Powrót Ivicy Vrdoljaka na mecz z Polonią jest na pewno najlepszą informacją, jaką otrzymali kibice i sztab szkoleniowy Legii przed zbliżającymi się derbami. W Krakowie w spotkaniu z Cracovią chorwacki piłkarz uderzył głową o ziemię i musiał zostać przetransportowany do szpitala - Pamiętam wszystko co się działo w Krakowie. Po meczu bolały mnie plecy i szyja, ale teraz jest wszystko w porządku, trenuję od dwóch dni. Przed i po każdym z tych treningów byłem u masażysty, dzięki czemu czuje się dobrze - mówił w piątek na przedmeczowej konferencji sam piłkarz.
Po dwóch remisach na początku rundy przyszedł czas na zwycięstwo, jeżeli gra się o mistrzostwo. Kibice do derbów podchodzą najpoważniej od kilku lat, więc i piłkarze czują, że nie wypada im przegrać u siebie, zwłaszcza po blamażu na Konwiktorskiej w sierpniu. - Niestety w Krakowie odniosłem kontuzje i szkoda, że zremisowaliśmy z Cracovią i straciliśmy tam dwa punkty. Teraz jest to jednak za nami i myślimy tylko o Polonii. Pamiętamy o porażce 3:0 i wszyscy chcemy się rewanżować. Teraz atmosfera jest bardzo dobra. W poprzednim meczu w składzie było wielu nowych zawodników z zagranicy i to była nowa drużyna, to był bardzo trudny moment dla nas. Teraz wszyscy wiemy, jakie są nasze możliwości - opowiada kapitan Wojskowych.
W spotkaniach z Cracovią i Ruchem rzucał się w oczy brak pewności siebie i skuteczności w pojedynkach dwóch środkowych obrońców Legii.

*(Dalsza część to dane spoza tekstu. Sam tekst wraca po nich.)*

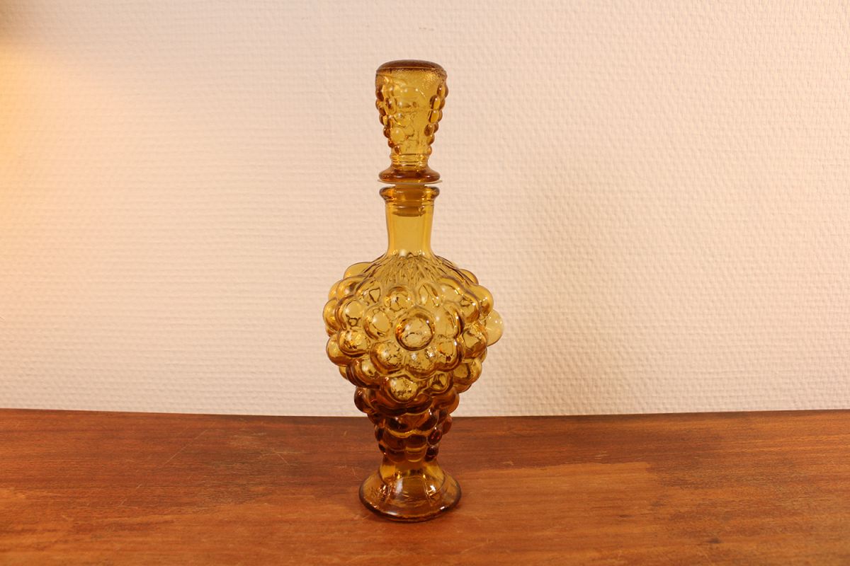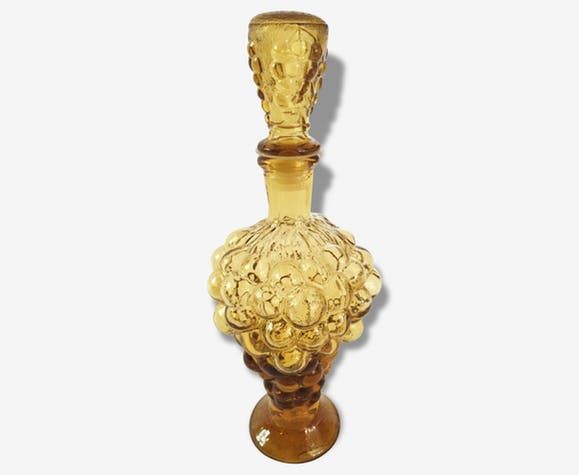Jolie bouteille en verre ambré, contenant initialement de l'alcool. Sa forme grappe de raisins peut faire un bel objet de décoration vintage, ou peut être toujours utilisé pour contenir un liquide ou une boisson. Dimensions : 27 cm de haut avec bouchon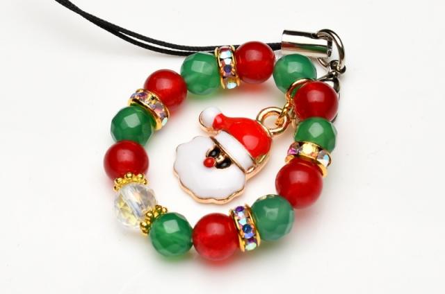 クリスマス ストラップ サンタクロース×リース 35mm パワーストーン 当店オリジナル_A1024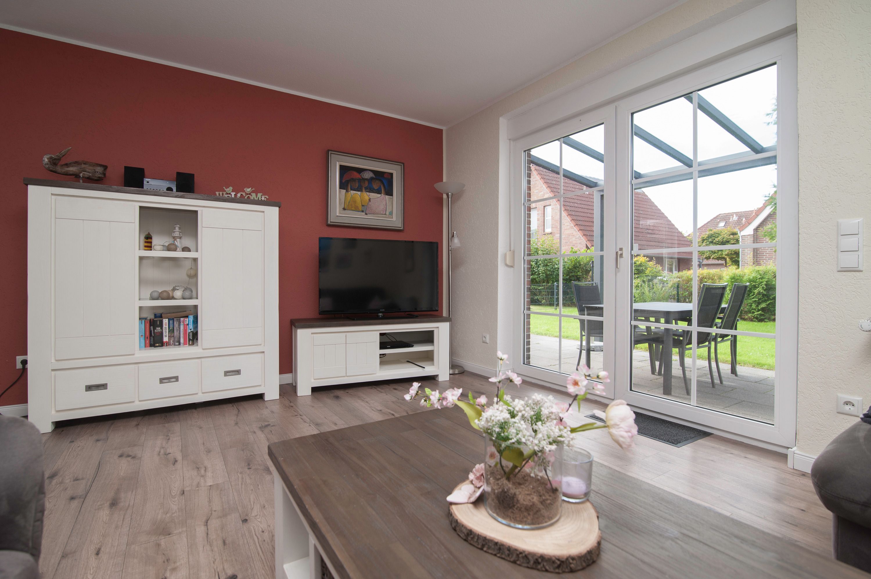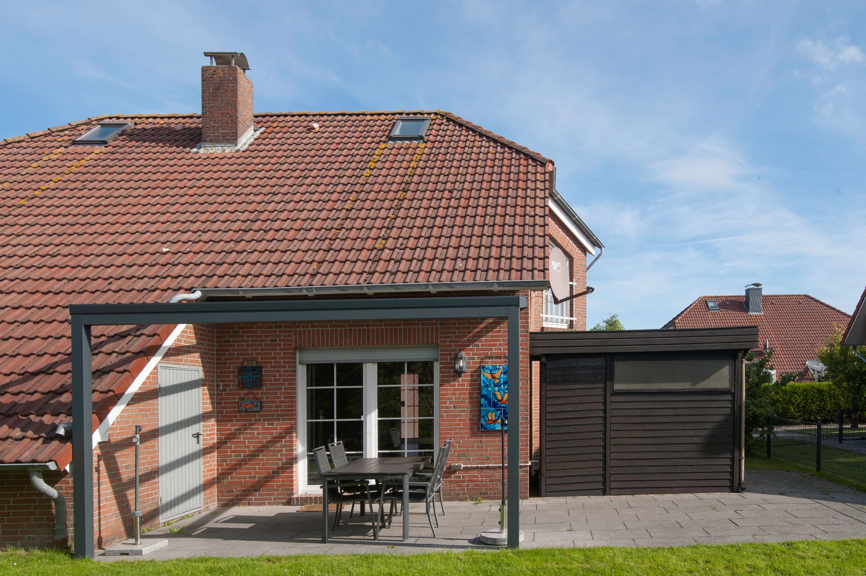Eine sonnige Terrasse mit Gartenmöbeln lädt zum Erholen und Abschalten ein. Durch die bevorzugte Lage des Hauses in Deich- und Hafennähe erreichen Sie kleine und große Sehenswürdigkeiten bequem zu Fuß oder per Fahrrad an frischer Seeluft.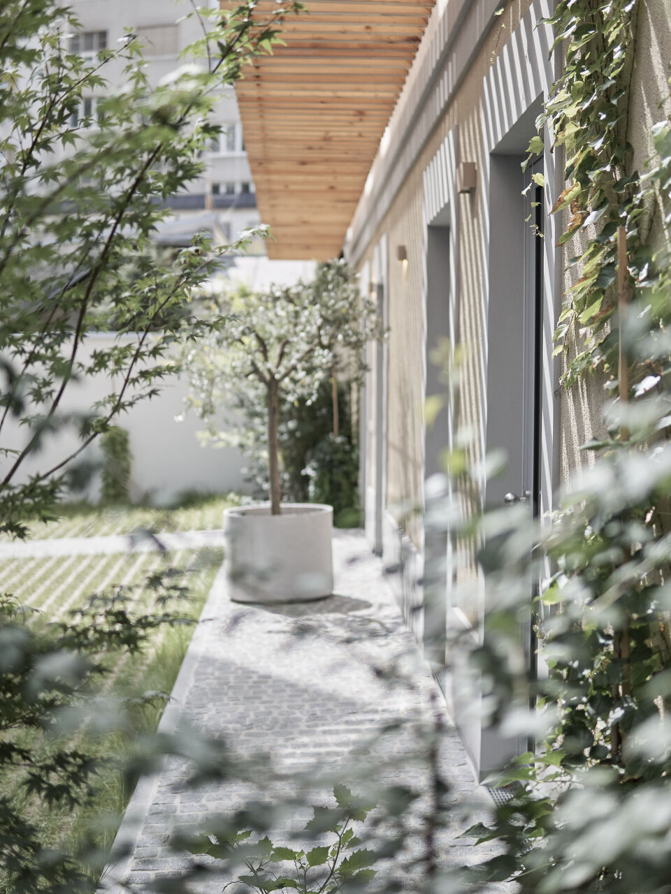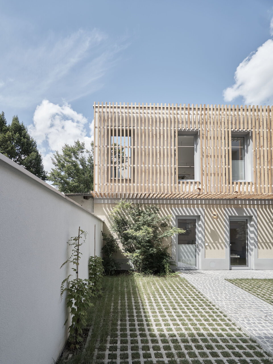 Das Haupthaus wurde um eine Etage erweitert. Auch das bislang eingeschoßige Hofhaus bietet dank Aufstockung wertvolle Zusatzflächen und eine geschützte Loggia. Das Obergeschoß des Nebengebäudes wurde mit einer Konstruktion aus Lärchenholz versehen, die von wildem Wein bewachsen wird. (Text: Tobias Hagleitner, nach einem Text der Architekten)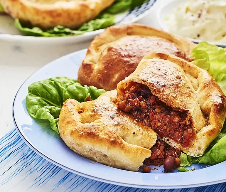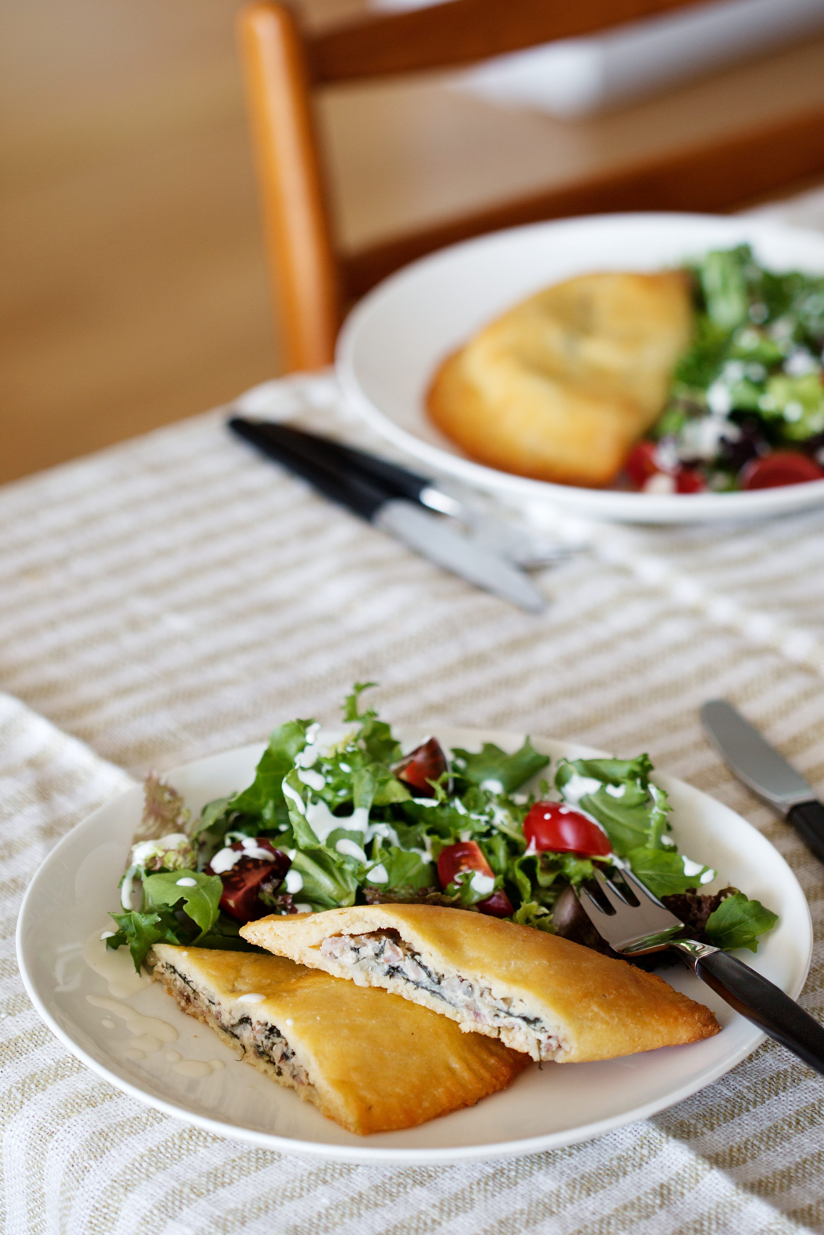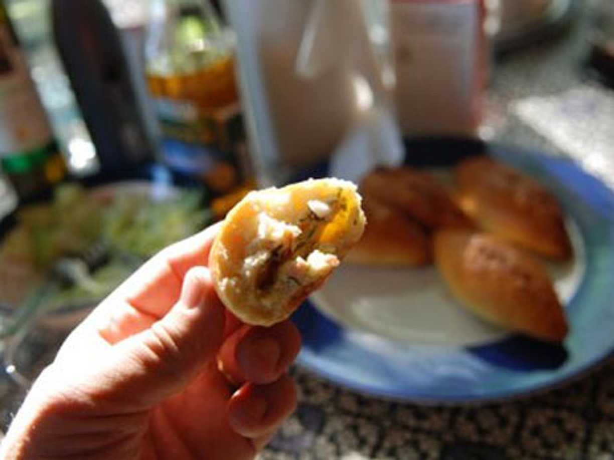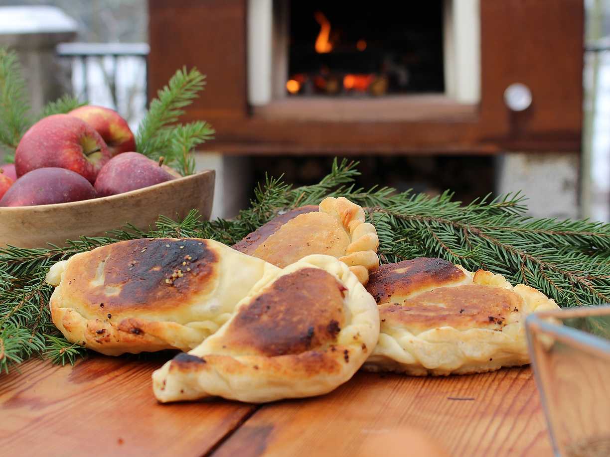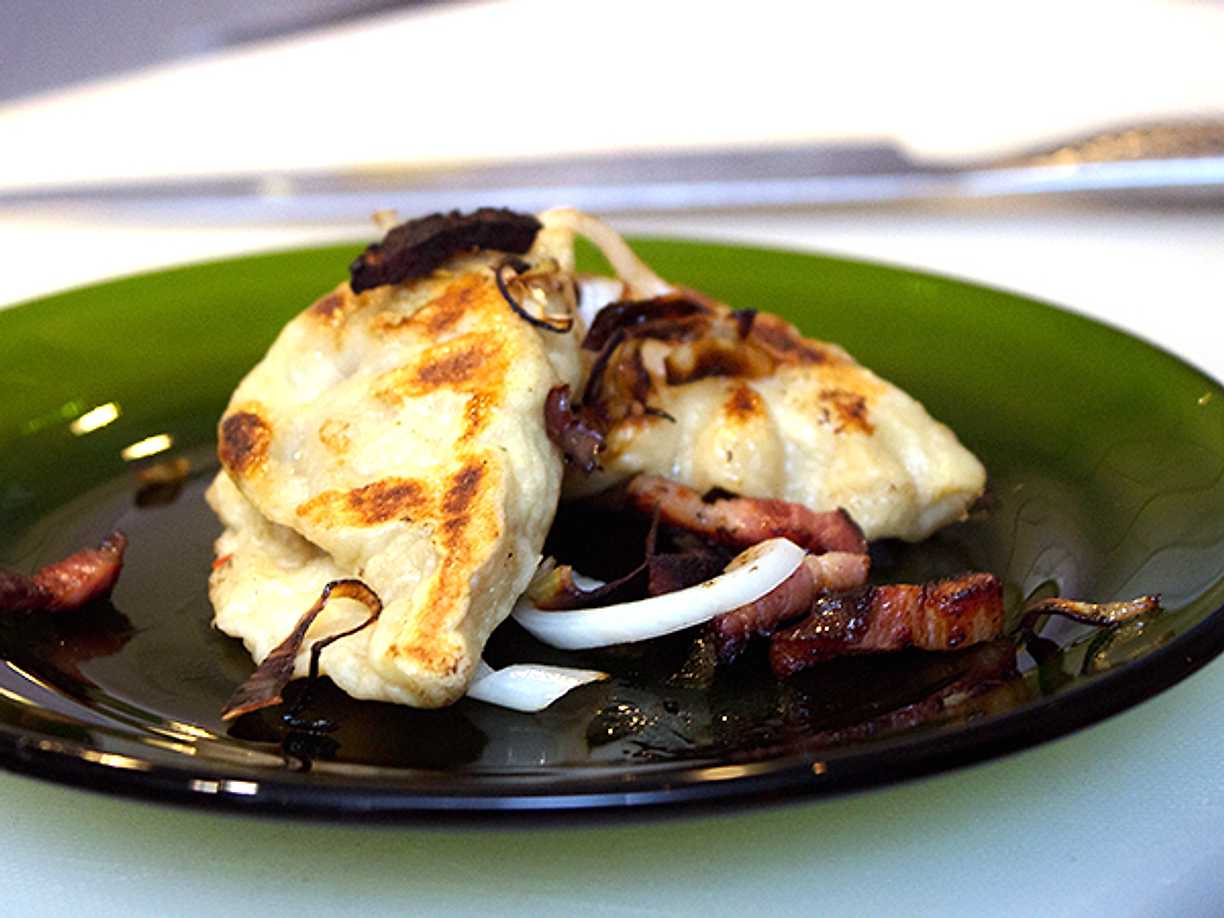 Polska kryddiga piroger med stekt sidfläsk och purjolök

Vrdoljak przyznaje, że w zespole najbardziej szwankuje komunikacja - Wszyscy wiemy, jaki to jest mecz, wszyscy damy pełnię swoich umiejętności. Największym problemem cały czas pozostaje dla nas komunikacja. W każdym meczu przytrafiają się indywidualne błędy i to musimy poprawić. Jak przegrywaliśmy zawsze traciliśmy bardzo dużo bramek. Za mało rozmawiamy na boisku. Wygramy dlatego, ze chcemy wygrać. Wiemy co jest przed nami. Mamy okazję, żeby wrócić na dobrą drogę. Po meczu z Polonią mamy przed sobą pięć spotkań z czego cztery u siebie. Jak gramy w domu, musi nasza przewaga być widoczna - zakończył Chorwat.